The Bohart Museum of Entomology at the University of California, Davis, is displaying specimens of California’s native insects, including the California dogface butterfly, in the Children’s Section of the Fairfield Civic Center Library through Wednesday, Sept. 10.
Library associate Galila Kitzes arranged for the project with Tabatha Yang, the Bohart Museum's education and outreach coordinator, to commemorate California's 175th anniversary of statehood. California became America’s 31st state on Sept. 9, 1850.
Library hours are Monday through Thursday, 9 a.m. to 8 p.m., Friday and Saturday, 9 a.m. to 5 p.m.; and Sunday, noon to 5 p.m.

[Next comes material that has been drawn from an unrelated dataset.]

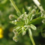 As its name suggests false cleavers (Galium spurium) is very similar to cleavers (G. aparine) but on careful inspection it appears less robust and less spiky, with fewer, shorter hairs that are somewhat softer.
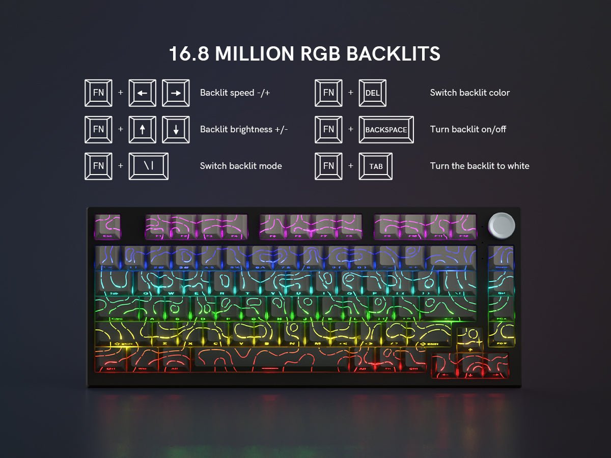 Take your desk to the next level with this versatile 75% keyboard built for gamers and multitaskers. A gasket structure with multiple sound-dampening layers reduces keystroke noise while creating a smooth. creamy keyboard feel. Its vibrant 16.8M RGB with 12 music-synced effects makes this wireless mechanical keyboard both powerful and cute. Use it as a Bluetooth keyboard. a 2.4G wireless keyboard. or connect with Type-C for stable performance. Hot-swappable 3/5-pin switch compatibility allows for endless mechanical keyboard customizations. The original driver enables macro recording. key mapping. and immersive lighting personalization. Comfortable support angle plus two-position footrest keep you typing longer with less strain. A gaming keyboard that offers style. flexibility. and customization in one compact package.

Kitzes has long been interested in insects. In the midst of pursing two college degrees in the Bay Area, Kitzes worked with fruit flies in a medical lab and "that connection to the importance of insects and science inspired her life-long appreciation and curiosity with insects," Yang commented.
More about the California dogface butterfly, part of the logo of the Bohart Museum:

The California State Legislature designated the California dogface butterfly as the state insect in 1972. The butterfly, Zerene eurydice, is found only in California and is rarely seen in the wild. It thrives in the 40-acre Shutamul Bear River Preserve near Auburn, Placer County. The preserve, part of the Placer Land Trust, is closed to the public except for specially arranged tours. It has also been seen in Gates Canyon, Vacaville.
The butterfly's main host plant is false indigo (Amorpha californica), a riparian shrub that grows among poison oak and willows and along stream banks, often in steep and isolated canyons. The male has markings on its wings resembling a silhouette of a dog's head. The female is usually solid yellow with a black spot on each upper wing.
Entomologist Fran Keller, a professor at Folsom Lake College who doubles as a Bohart Museum scientist and a UC Davis lecturer and a doctoral alumna, authored a children's book, The Story of the Dogface Butterfly, published in 2013. The 35-page book, available in the Bohart Museum gift shop, tells the untold story of the California dogface butterfly and how a classroom successfully mounted a campaign to convince the California State Legislature to name it the state insect.
The Bohart Museum, founded in 1946 by UC Davis entomology professor Richard “Doc” Bohart, houses a global collection of eight million insect specimens. It is the seventh largest insect collection in North America. It also maintains a live petting zoo (including Madagascar hissing cockroaches, stick insects and tarantulas); and an insect-themed gift shop stocked with T-shirts, hooded sweatshirts, books, posters, jewelry, pens and pins, as well as insect collecting equipment.
Director of the museum is Professor Jason Bond, the Evett and Marion Schindler tndowed chair of insect systematics, and executive associate dean of the UC Davis College of Agricultural and Environmental Sciences. The museum is located in Room 1124 of the Academic Surge Building, 455 Crocker Lane, UC Davis campus.